VIVE LE ROY—Ford Madox Ford—Lippincott ($2.50).

To readers unaccustomed to Ford Madox Ford’s style, Vive Le Roy might seem, almost purposely confusing. It might also seem as if everyone in the book were going about in disguise—Author Ford himself in a rather hasty imitation of E. Phillips Oppenheim. Those who are not too impatient to put up with his sighing way of writing may persevere through his ingenious plot and discover that he has written a thriller. But even Ford fans will not compare Vive Le Roy with Author Ford’s War novels. Still a first-rate gossip at 62, some of his transatlantic tricks of speech are growing on him. Author Ford has never perfectly assimilated the U. S. dialect of his mother tongue, but he goes at it as bravely as ever.

The story, whose scene is Paris, is laid in the future. France, after a bitter civil war between Communists and Royalists, has become a kingdom, and the Bourbon lilies once again float over the Louvre. Walter Leroy, a young Manhattan doctor with liberal leanings, is on his way to Paris, ostensibly to pursue medical research, but actually to deliver money and a message from the U. S. Communist Party to their shattered comrades in France. On the boat with him travel M. de la Penthièvre, most potent minister of the new king; Mr. Penkethman, aged but acute sleuth connected with the League of Nations; Cassie Mathers, a lively young artist making her first trip abroad.

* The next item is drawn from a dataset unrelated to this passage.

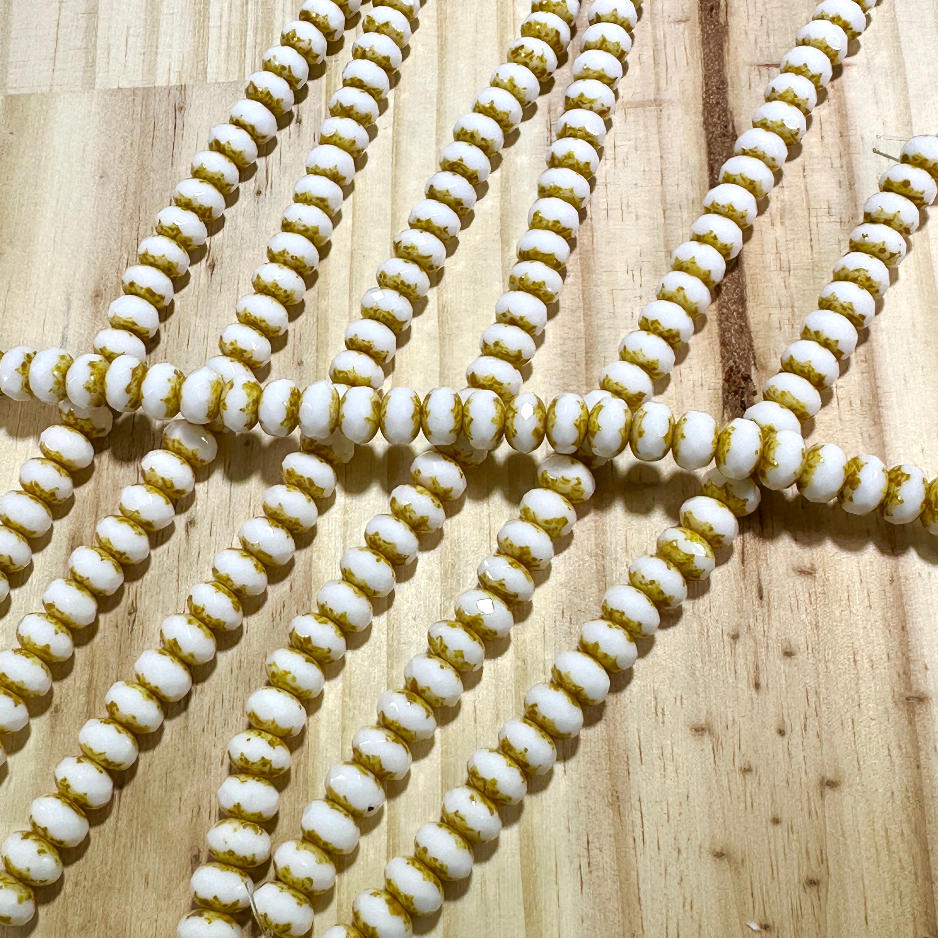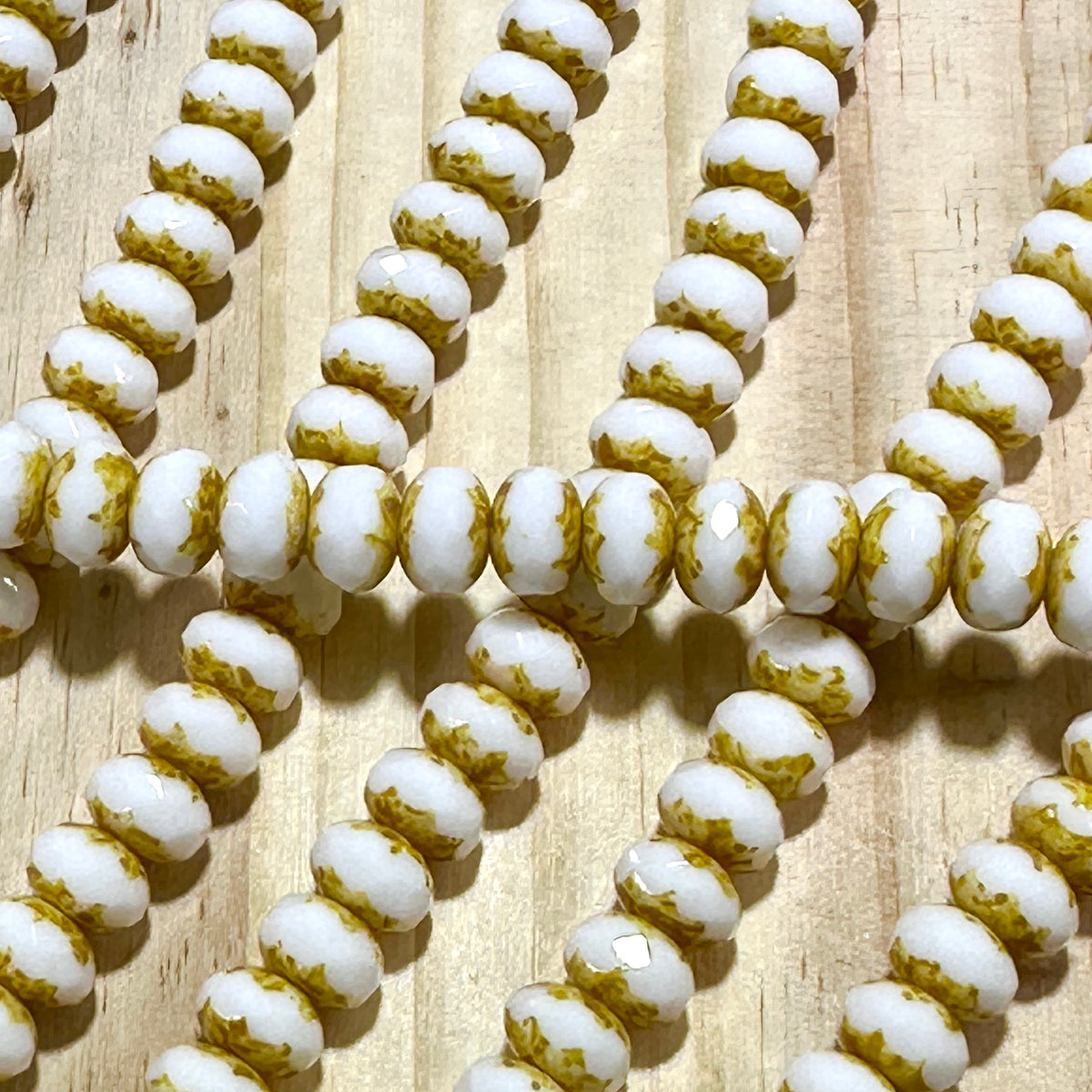 Czech Faceted Glass Doughnut Shaped Fire Polished Rondelle Spacer Beads 6x9mm White Opal milky tire/donut beads 28pcs J855

Sleuth Penkethman knows all about Walter from the start, drops ambiguous warnings in his ear about Penthièvre, suggests it might avert suspicion if Leroy and Cassie appeared to be lovers. Nothing loth, they do their best to keep up appearances, soon find themselves actually falling in love. Towards the end of the voyage the ship’s radio brings news of the king’s assassination in Paris; then denies it. Penthièvre and Penkethman grow more & more ambiguous; Leroy and Cassie remain naive and amorous. When they get to Paris the lovers are first delighted, then worried, by the attentions of these elderly gentlemen, who seem determined to be helpful but not to let them out of sight. After their first night in it, Leroy leaves their studio to deliver his dangerous package. Why he never gets to his destination, what becomes of him and Cassie, just how sinister MM. de la Penthièvre and Penkethman really are, and how plausible is Author Ford’s portentous plot may be left to the panting reader.